杨三这辈子走过很多路。

他是建康城外一个替人拉货的脚夫,今年四十三岁,从十七岁开始在这条路上来回走。他认得这条路面上每一道裂缝的深浅,认得哪段路在雨后最容易陷脚,认得哪个拐角处的风会把灰吹进眼睛里。

他走过这条路四百多趟,闭着眼也能摸到北城门的门闩槽在哪。

但今天他在这条路上看到了一行人。

天刚亮透不久,晨雾还没有完全散尽。杨三拉着一辆空板车从南往北走,他要去前面镇上接一批货。

雾把路两侧的田野遮成了模糊的灰白色块,路面上的车辙印在雾里看起来比平时更深,像一道道被压进泥里又没被填平的旧痕。

他先看到的是一个人影。

从雾里走出来的那个影子很高,身形修长,穿着一件深色斗篷,兜帽压得很低,看不清脸。他走在最前面,步幅不大不小,每一步都踩在路面最硬实的部分,靴底落在土面上几乎没有声音。

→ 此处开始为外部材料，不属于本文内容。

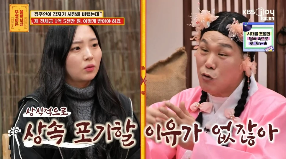 13일 방송된 KBS Joy '무엇이든 물어보살'에서는 전세 계약 만기를 앞두고 집주인의 사망 사실을 뒤늦게 알게 된 28세 사연자의 고민이 전파를 탔다.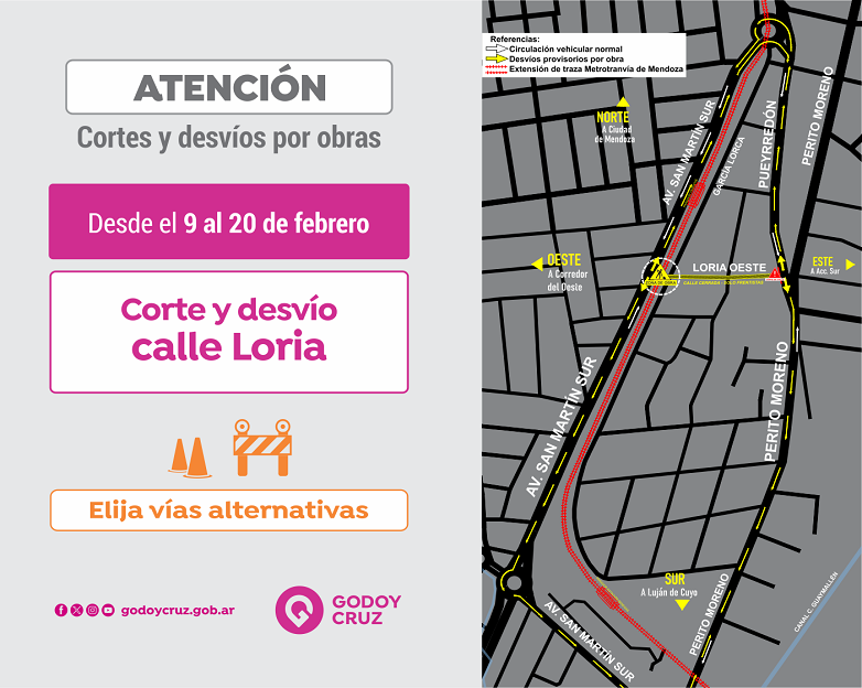 Desde el lunes 9 de febrero, la calle Loria Oeste, entre San Martín Sur y Pueyrredón, estará cortada al tránsito vehicular.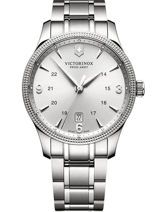 Мужские швейцарские часы Victorinox Alliance 241712.1, кварцевый механизм с высокой точностью. Сапфировое стеклоСапфировое стеклоПрочный и надёжный материал из кристалла сапфира синтетического происхождения, характеризующийся особой твёрдостью и устойчивостью к царапинам и повреждениям. устойчивое к появлению царапин, обладающее высокой прозрачностью. Класс водозащиты: 100 метров, позволит плавать, нырять и заниматься другими водными видами спорта. Корпус часов изготовлен из нержавеющей стали 316L. Стрелки с люминесцентным покрытиемЛюминесцентное покрытиеПозволяет считывать показания времени в темноте. Производители наносят на стрелки, часовые индексы, безель или поверхность циферблата светонакопительный состав, дающий холодное свечение..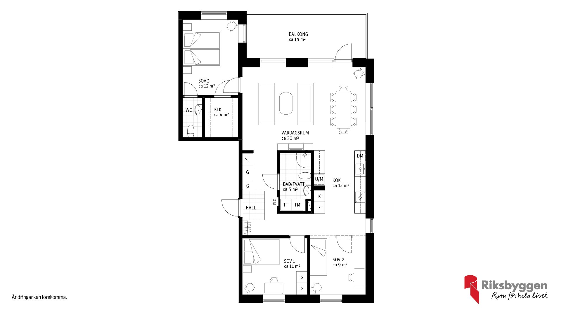 Här har vi tänkt till för att ge dig ett hem som passar just din livsstil. För dig som vill ha extra rymd och sociala ytor finns möjlighet att välja bort vissa innerväggar – till exempel mellan sovrum och vardagsrum – och i stället få ett större, öppnare vardagsrum. Det är ett perfekt alternativ för dig som prioriterar kvadratmetrar och ljus framför antal rum.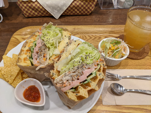 ---2024/6--- 仲間たちとやってきた♡ みんなで黒ごまワッフルサンドのランチを 頼んで、シェアして、ひとり2種類食べられる ようにしたの🤭 ✦根菜チキンサラダ ✦海老アボカド ✦ハムエッグ ※マスタードが薄〜く塗ってあるから 辛いのがからっきしダメな人は注意かも。

他身后大约两步的位置,跟着一个穿月白袍子的人。那件袍子在雾里很显眼,白色打底,上面覆着一层暗红色的纹路,像什么东西正在袍面上缓慢地流动。那个人走路的姿态和前面那个不太一样——步子更轻,像脚掌落下去之后没有完全压实就抬起来了。他没有戴兜帽,脸上覆着一层黑色的薄纱,遮住了眼睛以上的部分,露出鼻梁和下颌。

他的嘴唇在晨光里泛着一层极淡的暖色,像刚从冷处走进来还没有完全回暖。左耳垂着一枚红玉坠子,在行走中轻微地晃着,每一次摆动都像是什么东西在替他计数。

他的头发是束着的,但左耳旁垂下来一撮苍白的短发,在晨风里微微动着。他整个人从雾里走出来的时候,杨三的第一反应不是“看到人了”——是“看到了一幅走动的画”。

杨三的脚停在了原地。他站在板车旁边,手还搭在车把上,没有松手。他的目光从那个月白袍子的人身上移开,看到那人右侧走着一个穿黑色打底袍子的年轻人,腰间束着一条幽蓝色的腰封,头发随意披散着,眯着眼,像没睡醒。

他腰间别着一柄窄长的剑,剑鞘通体漆黑,没有装饰。杨三的目光在那柄剑上停了一瞬,然后继续往后看。

后面还有两个人。一个穿素白圆领袍,银线绣的白鹤在雾里一闪一闪的。他手里握着一把折扇,扇骨合拢着,但他走路的时候那把折扇在他掌心里时不时转半圈,像一种不需要多想的下意识动作。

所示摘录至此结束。